WHAT YOU HAVE TO DO
Only the lines from the beginning of the entries through the one with "固定ベルトを採用し、キャリー" should be written out, please, exactly and without any pictures.

BEGIN EXCERPTED DATA

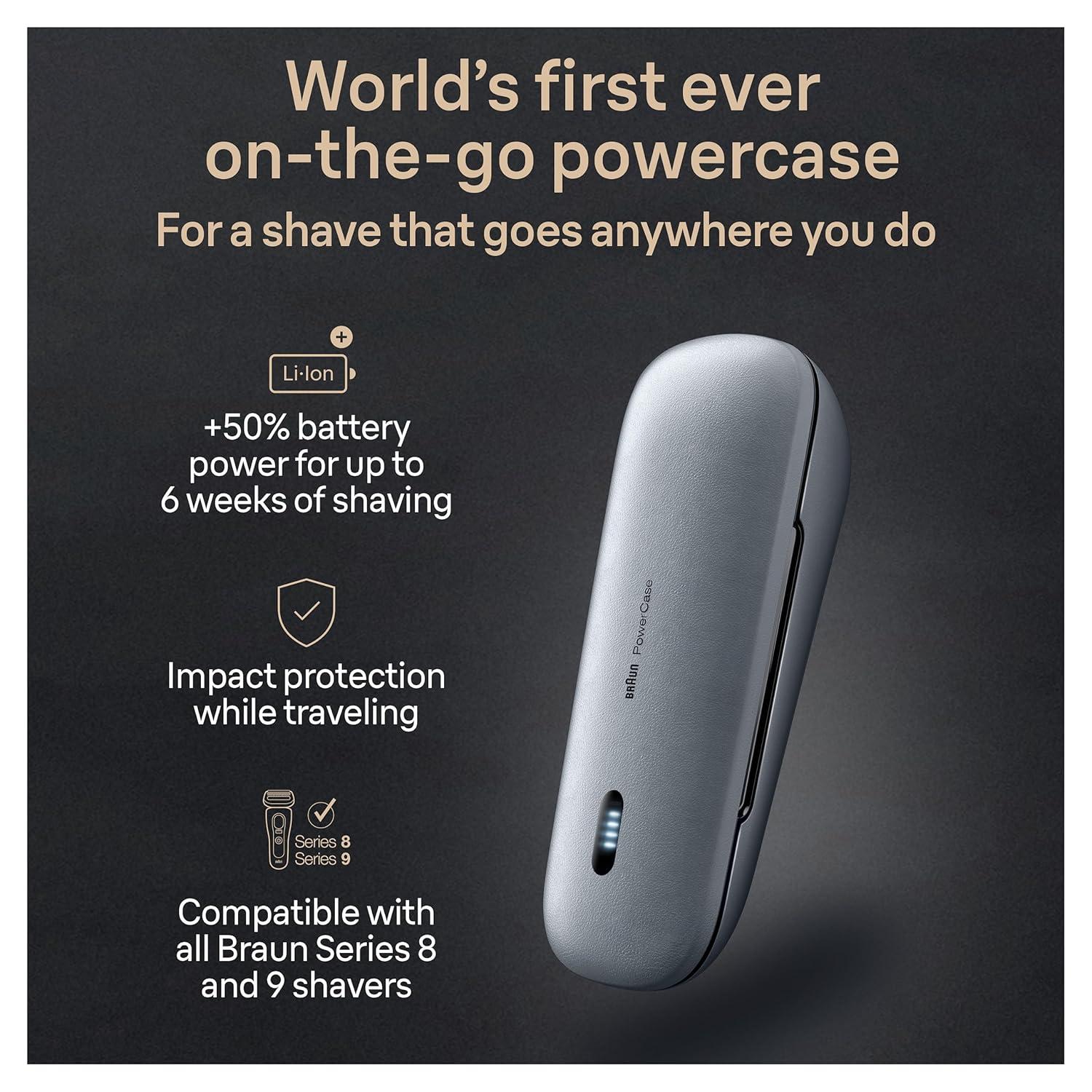 COMPATIBLE WITH SERIES 8 AND 9 SHAVERS: The Powercase is fully compatible with all Braun Series 9 and Series 8 electric shavers
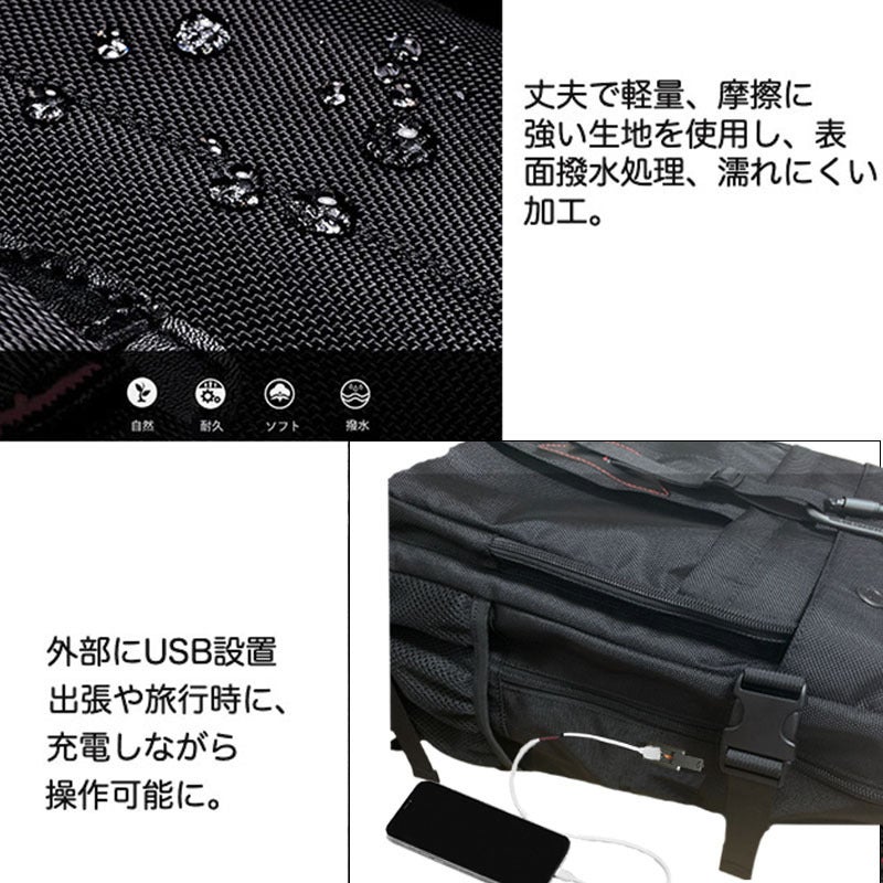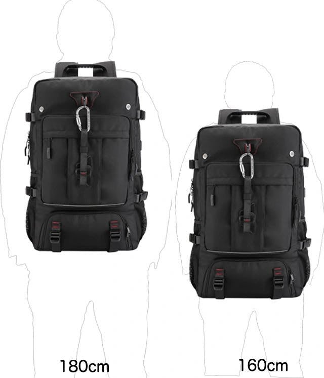 固定ベルトを採用し、キャリーオンバッグとしてスーツケースに固定でき、肩の疲れを分担できる快適なサポート、出張や旅行時などで便利に活用いただけます。
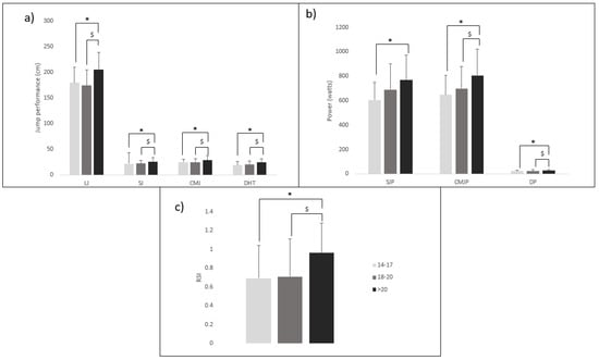 Age also impacts on leg power performance (Figure 2), where older fencers (>20 years) produced significantly higher values for long jump (LJ), squat jump (SJ), CMJ, drop jump (DJ), and reactive strength index (RSI) compared to younger age groups (14–17 and 18–20 years) []. More recently, Ntai et al. [] identified that the age of well-trained fencers also significantly affected specific fencing offensive kinetic patterns, such as lunge velocity (L), step-velocity (SL), and step backward step-lunge (SBSL), where older fencer groups (>20 years and 18–20 years) were faster than younger fencers (14–17 years). This highlights, once again, that fencing-specific adaptations are promoted during growth and maturation phases.
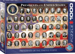 Remek kihívás a puzzle-rajongóknak! Ez a lenyűgöző puzzle az Amerikai Egyesült Államok elnökeinek motívumával 1000 darabot tartalmaz szokatlan formákkal, ami növeli az összerakás nehézségét.
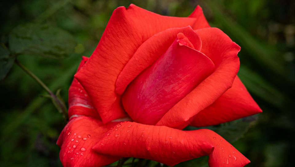 Download 960x544 rose, petals, flower, drops, dew, red, macro wallpaper, background playstation ps vita
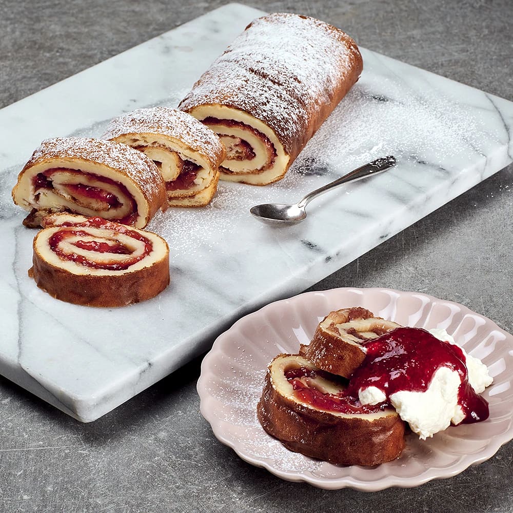 Smördegsvåfflor fyllda med färskost, blåbär och hallon

END EXCERPTED DATA

REPLY TO THE EXERCISE
 COMPATIBLE WITH SERIES 8 AND 9 SHAVERS: The Powercase is fully compatible with all Braun Series 9 and Series 8 electric shavers
 固定ベルトを採用し、キャリーオンバッグとしてスーツケースに固定でき、肩の疲れを分担できる快適なサポート、出張や旅行時などで便利に活用いただけます。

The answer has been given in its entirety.